Download or read book The Battle of New Orleans in History and Memory written by Laura Lyons McLemore and published by LSU Press. This book was released on 2016-11-14 with total page 250 pages. Available in PDF, EPUB and Kindle. Book excerpt: The Battle of New Orleans proved a critical victory for the United States, a young nation defending its nascent borders, but over the past two hundred years, myths have obscured the facts about the conflict. In The Battle of New Orleans in History and Memory, distinguished experts in military, social, art, and music history sift the real from the remembered, illuminating the battle’s lasting significance across multiple disciplines. Laura Lyons McLemore sets the stage by reviewing the origins of the War of 1812, followed by essays that explore how history and memory intermingle. Donald R. Hickey examines leading myths found in the collective memory—some, embellishments originating with actual participants, and others invented out of whole cloth. Other essayists focus on specific figures: Mark R. Cheathem explores how Andrew Jackson’s sensational reputation derived from contemporary anecdotes and was perpetuated by respected historians, and Leslie Gregory Gruesbeck considers the role visual imagery played in popular perception and public memory of battle hero Jackson. Other contributors unpack the broad social and historical significance of the battle, from Gene Allen Smith’s analysis of black participation in the War of 1812 and the subsequent worsening of American racial relations, to Blake Dunnavent’s examination of leadership lessons from the war that can benefit the U.S. military today. Paul Gelpi makes the case that the Creole Battalion d’Orleans became protectors of American liberty in the course of defending New Orleans from the British. Examining the European context, Alexander Mikaberidze shows that America’s second conflict with Britain was more complex than many realize or remember. Joseph F. Stoltz III illustrates how commemorations of the battle, from memorials to schoolbooks, were employed over the years to promote various civic and social goals. Finally, Tracey E. W. Laird analyzes variations of the tune “The Battle of New Orleans,” revealing how it has come to epitomize the battle in the collective memory.

Travelling Concepts

Download Travelling Concepts PDF Online Free

Author :
Publisher : Springer Science & Business Media
ISBN 13 : 3531921398
Total Pages : 305 pages
Book Rating : 4.5/5 (319 download)

DOWNLOAD NOW!


Book Synopsis Travelling Concepts by : Christian Lammert

Download or read book Travelling Concepts written by Christian Lammert and published by Springer Science & Business Media.

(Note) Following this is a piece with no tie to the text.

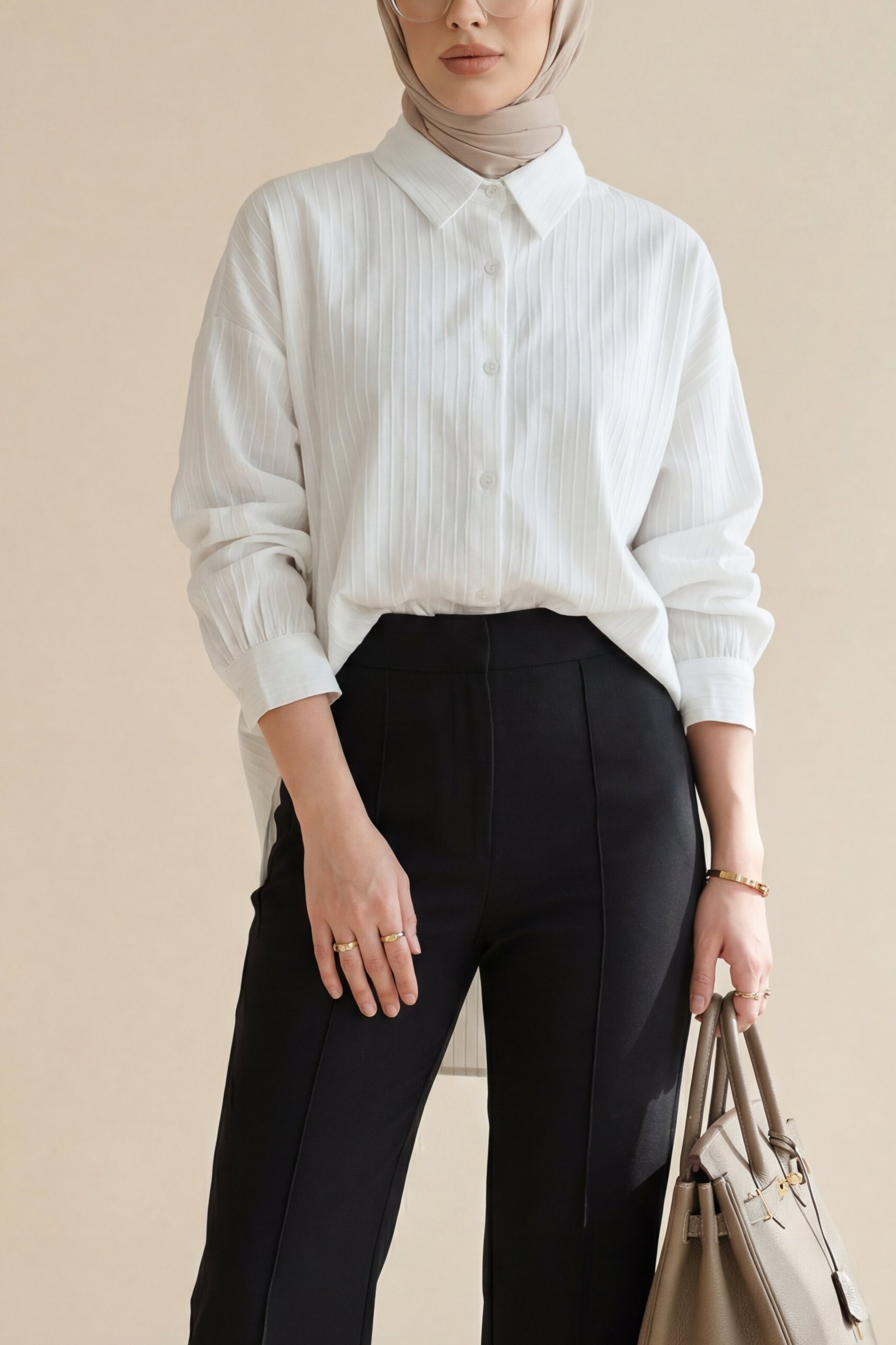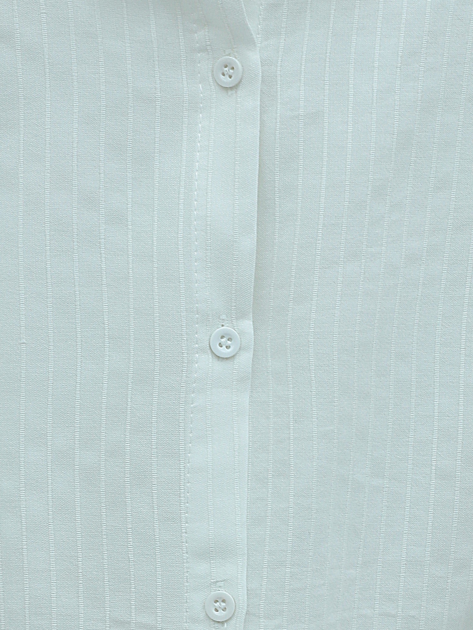 قميص فضفاض بنمط مخطط طويل وإغلاق بأزرار في الخلف. -أبيض سكري

This book was released on 2009-12-03 with total page 305 pages. Available in PDF, EPUB and Kindle. Book excerpt: Bhikhu Parekh As creative and reflective agents, human beings seek meaning in their lives, and develop more or less coherent views of the world or cultures in terms of which to organize their personal and collective lives. When different groups of individuals within the same society subscribe to different ways of thought, they face the crucial question of how to deal with their cultural diversity and sustain a shared common life. Premodern societies took a relatively relaxed view of diversity and generally opted for a looser union. Modernity brought with it a very different approach to the subject. This is reflected in, among other things, the institution of the modern state, especially the liberal democracy which represents one way of constituting it. Liberal democracy has exercised a decisive influence on our political and moral imagination for the past three centuries. Unlike premodern societies which took the community as their starting point and defined the individual in terms of it, it takes the individual as the ultimate and irreducible unit of, and thus conc- tually and ontologically prior to society. The latter is taken to consist of in- viduals, and refers to the totality of its members and their formal and informal relationships. Individual are the sole and equal sources of moral claims, and social and political institutions are judged in terms of their ability to safeguard and promote individual interests.